**Task description**
What you return must be the data below, word for word, without any images.

**Raw data**
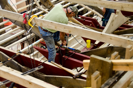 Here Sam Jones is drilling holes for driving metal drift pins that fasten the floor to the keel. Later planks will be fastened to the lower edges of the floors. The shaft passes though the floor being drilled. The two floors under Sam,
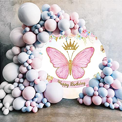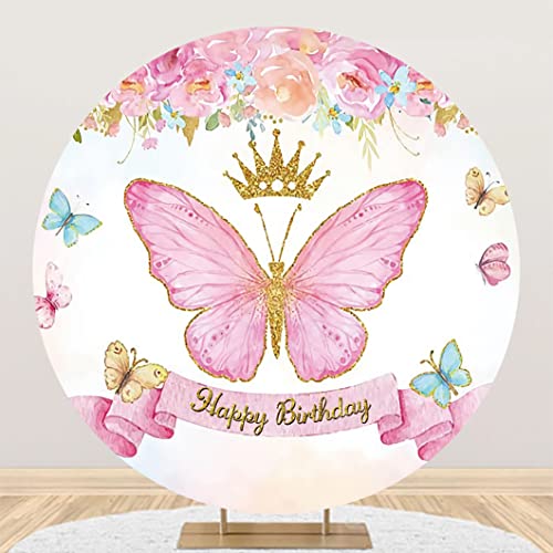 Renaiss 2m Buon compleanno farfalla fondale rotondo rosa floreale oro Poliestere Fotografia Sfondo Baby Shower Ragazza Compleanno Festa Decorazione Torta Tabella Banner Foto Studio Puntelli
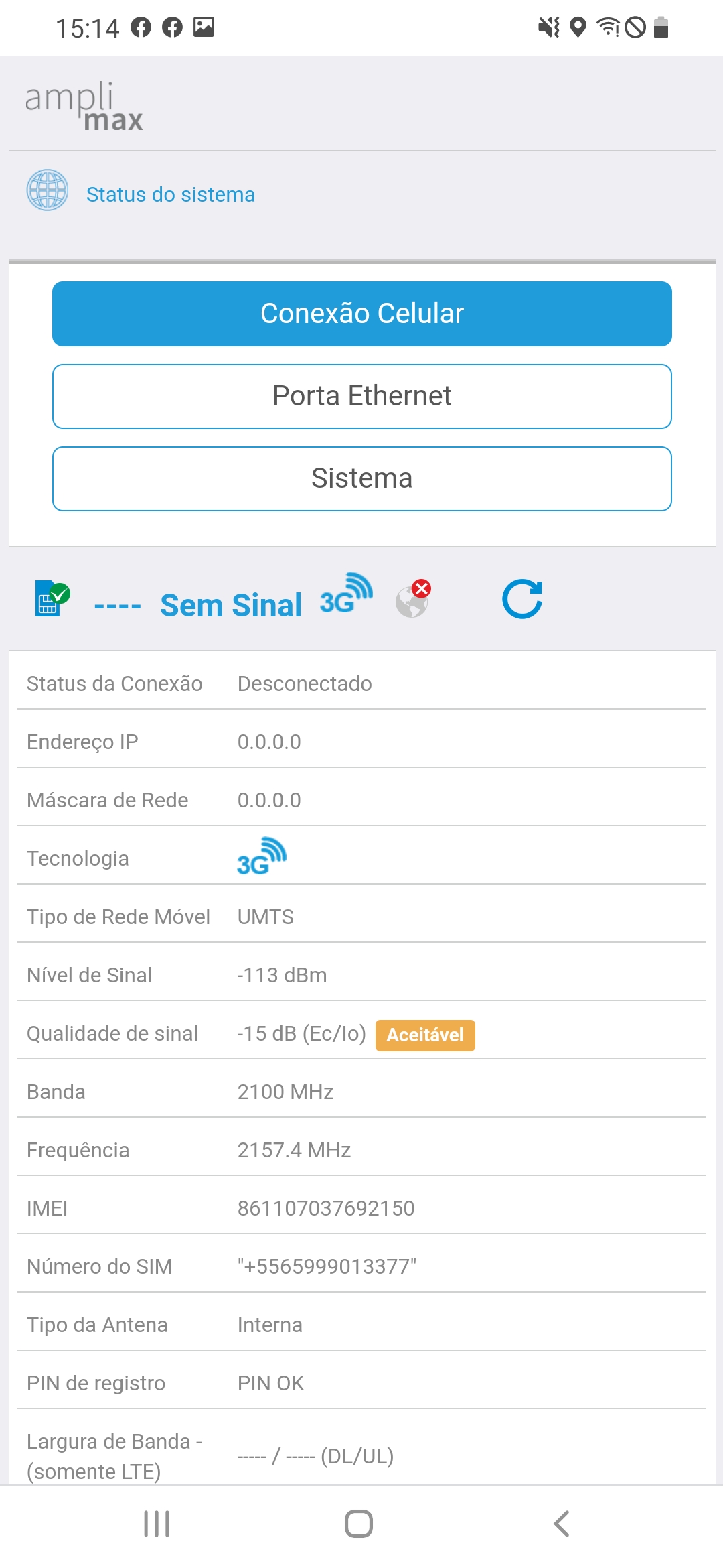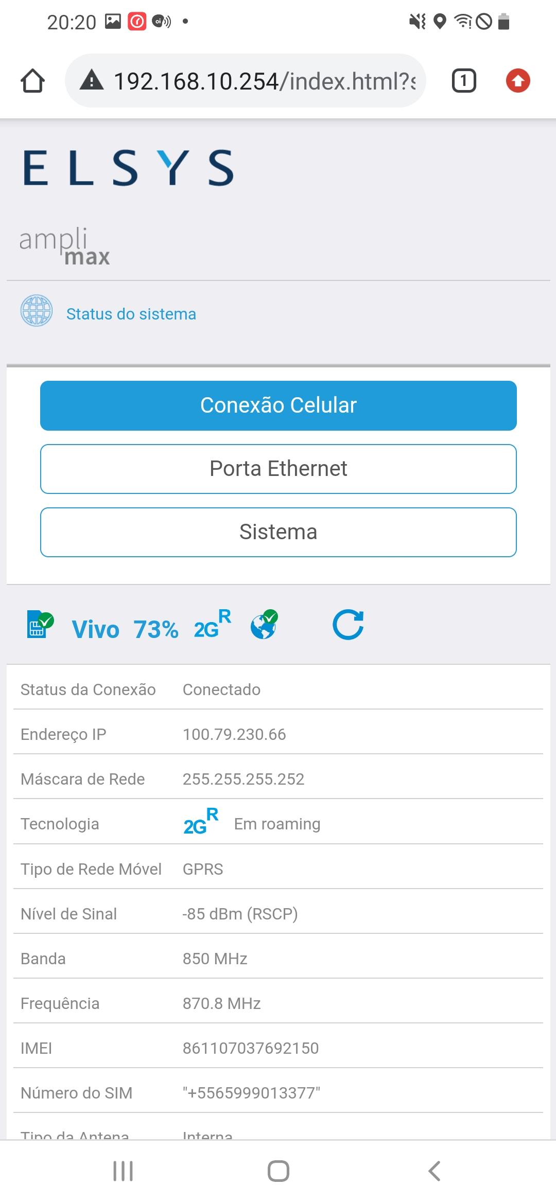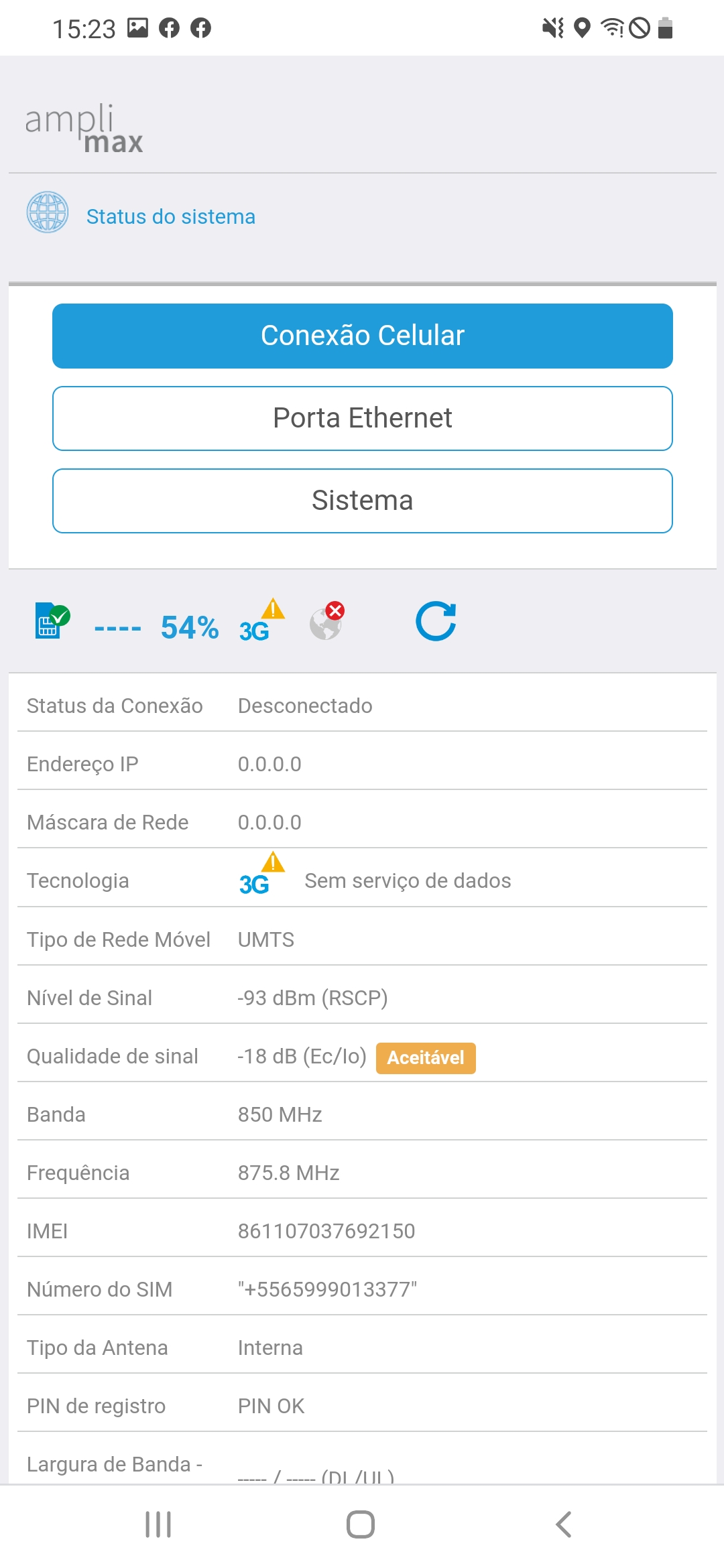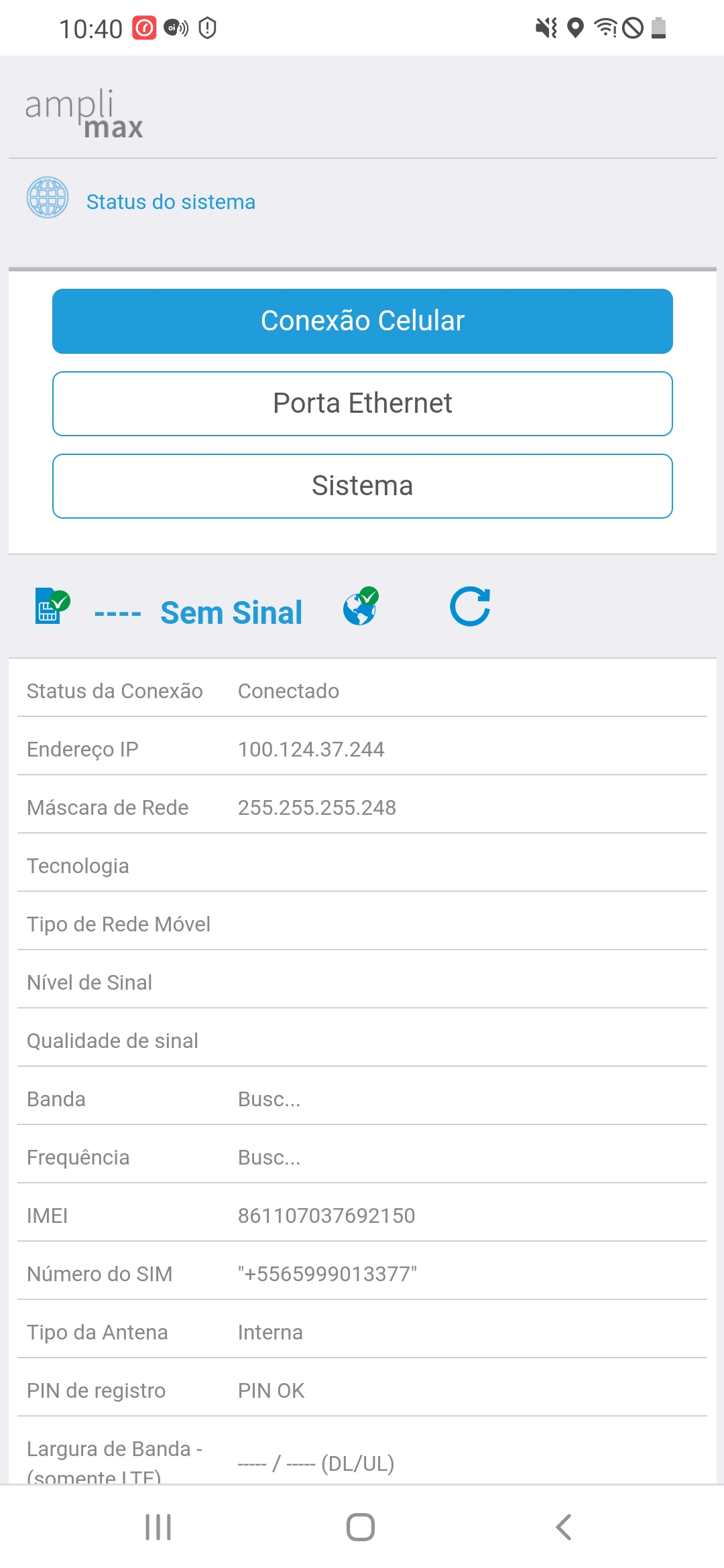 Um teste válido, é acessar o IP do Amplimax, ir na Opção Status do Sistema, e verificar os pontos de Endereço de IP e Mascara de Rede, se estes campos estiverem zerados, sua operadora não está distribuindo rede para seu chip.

**Answer space**
 Here Sam Jones is drilling holes for driving metal drift pins that fasten the floor to the keel. Later planks will be fastened to the lower edges of the floors. The shaft passes though the floor being drilled. The two floors under Sam,
 Renaiss 2m Buon compleanno farfalla fondale rotondo rosa floreale oro Poliestere Fotografia Sfondo Baby Shower Ragazza Compleanno Festa Decorazione Torta Tabella Banner Foto Studio Puntelli
 Um teste válido, é acessar o IP do Amplimax, ir na Opção Status do Sistema, e verificar os pontos de Endereço de IP e Mascara de Rede, se estes campos estiverem zerados, sua operadora não está distribuindo rede para seu chip.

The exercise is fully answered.